# Video Q&A: GFI’s Michael Cosgrove on carbon markets

Q. Do you foresee federal legislation for carbon markets this year?

A. Michael Cosgrove: I think the odds of a federal cap-and-trade system this year are virtually nil and I think next year the odds are quite long also. There has been a change in public sentiment, particularly in the past year, but really over the past three years, and I think that is taking quite a lot of the pressure off politicians to actually do something about climate change in North America.

Q. How do you see the development of a national scheme feeding into a global carbon emissions trading system?

A. Clearly the best result that we could have for a cap-and-trade programme or for any kind of carbon mitigation programme would be one where the US is part of a global programme. I think that currently it will be very challenging to enact legislation to create such a programme.

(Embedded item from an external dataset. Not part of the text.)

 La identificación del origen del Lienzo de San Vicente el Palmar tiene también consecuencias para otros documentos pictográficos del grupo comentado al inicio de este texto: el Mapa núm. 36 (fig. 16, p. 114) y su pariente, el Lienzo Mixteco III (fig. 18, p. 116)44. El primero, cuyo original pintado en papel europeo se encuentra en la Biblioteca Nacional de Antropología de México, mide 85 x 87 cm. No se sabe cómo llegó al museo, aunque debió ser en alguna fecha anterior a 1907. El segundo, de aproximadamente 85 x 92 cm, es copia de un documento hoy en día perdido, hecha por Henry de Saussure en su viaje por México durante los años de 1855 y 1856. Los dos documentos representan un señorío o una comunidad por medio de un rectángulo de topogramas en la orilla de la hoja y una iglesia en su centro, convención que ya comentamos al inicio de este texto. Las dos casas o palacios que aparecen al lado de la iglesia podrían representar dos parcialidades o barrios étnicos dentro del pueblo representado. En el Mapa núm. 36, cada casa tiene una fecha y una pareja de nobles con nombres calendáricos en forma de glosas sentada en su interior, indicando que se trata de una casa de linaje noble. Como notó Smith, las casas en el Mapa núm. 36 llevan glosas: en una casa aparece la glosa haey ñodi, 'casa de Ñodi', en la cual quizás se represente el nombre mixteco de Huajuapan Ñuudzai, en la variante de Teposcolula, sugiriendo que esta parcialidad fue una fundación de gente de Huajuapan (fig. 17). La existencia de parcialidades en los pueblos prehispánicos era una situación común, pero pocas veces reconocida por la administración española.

The one thing that may be creating some pressure to do so, however, was the recent announcement by the US Environmental Protection Agency (EPA) that they have deemed CO2 to be a gas that they can essentially enact programmes to mitigate. Clearly no-one wants the EPA to run a national carbon programme and so the terror that that announcement inspired does actually create some motion that otherwise wouldn’t be present, pending legislation in this area.

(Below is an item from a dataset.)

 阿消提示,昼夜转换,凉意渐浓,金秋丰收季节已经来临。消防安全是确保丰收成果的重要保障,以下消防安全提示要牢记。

Q. In the meantime, what future do you see for the development of the regional schemes in the US?

A. Well, the RGGI (Regional Greenhouse Gas Initiative) just had a very large auction [on March 10, 2010 of 40,612,408 allowances] and those allowances are trading at about $2.13 per ton, which is just over the floor of$1.86/ton. I think it’s quite encouraging that a large amount of allowances were soaked up and the price wasn’t immediately offered at the floor [of $1.86/ton]. There are a couple of other initiatives, for example the Chicago Climate Exchange, which Dr Richard Sandor started [in 2000]. There’s also the Climate Action Reserve (CAR) standard for carbon allowances, as well as the Western Climate Initiative and the Mid-West Climate Initiative. At present, it seems the gold standard for carbon credits in North America is CAR credits. Last year they were changing hands at around$7.50/ton and I think they were being originated at between $5/ton and$6/ton. They seem to be valued at around \$5/ton now but compared to all of the other schemes, they are by far and away the most richly priced credits – and I think that reflects the expectation that in the event of a federal programme, the CAR protocol is most likely to be adopted.

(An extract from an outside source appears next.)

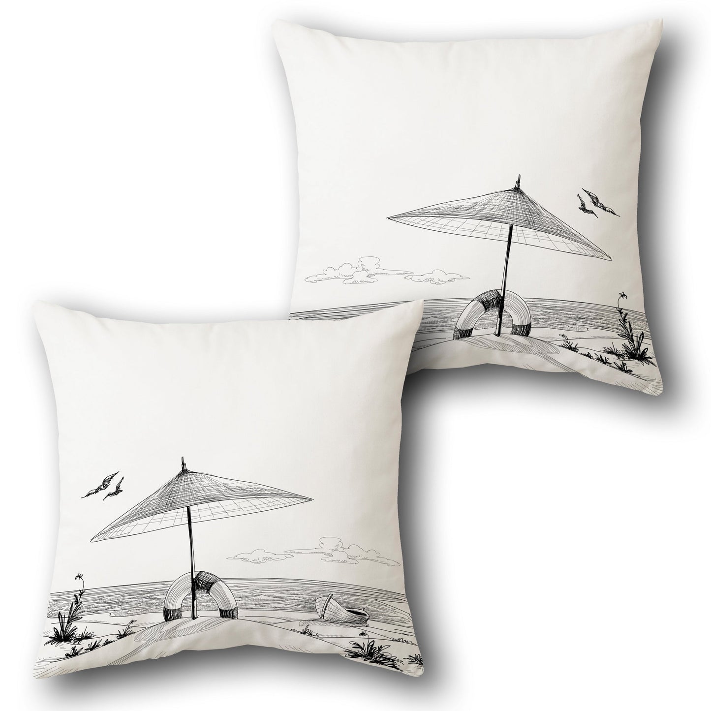 A white throw Cushions featuring a minimalist black-and-white sketch of a beach scene. The design includes a beach umbrella, a life preserver, a small boat, and birds flying over the ocean, adding a simple, coastal charm to your home decor.

Q. So until a federal scheme is put in place, will all of the regional schemes work to that protocol?

A. They’re all working to slightly different standards. I think that it will be interesting to see how these develop. At this stage, it’s very hard to determine how these regional programmes could become more fungible and in fact work together. I think it’s too soon to really have a good sense of that.

Q. How would you characterise the current mood among US emissions market players?

A. I think the momentum is fairly poor right now for climate legislation. Clearly the healthcare debate has consumed an enormous amount of energy and time and political capital and it’s still unresolved. After the resolution of the healthcare debate one way or another, it seems most likely to me that the next important consideration will be financial reform. It will leave very little time and energy for climate legislation.

Q. How would that feed into trading activity? Will it have an effect?

A. Yes, I think it will. But it is interesting – in spite of all the terrible news, that there is still quite a lot of interest on the part of large commercial and industrial concerns to, at a minimum, gain expertise in dealing with carbon offset markets. We’re finding that there is still buying interest for greenhouse gas offsets in North America.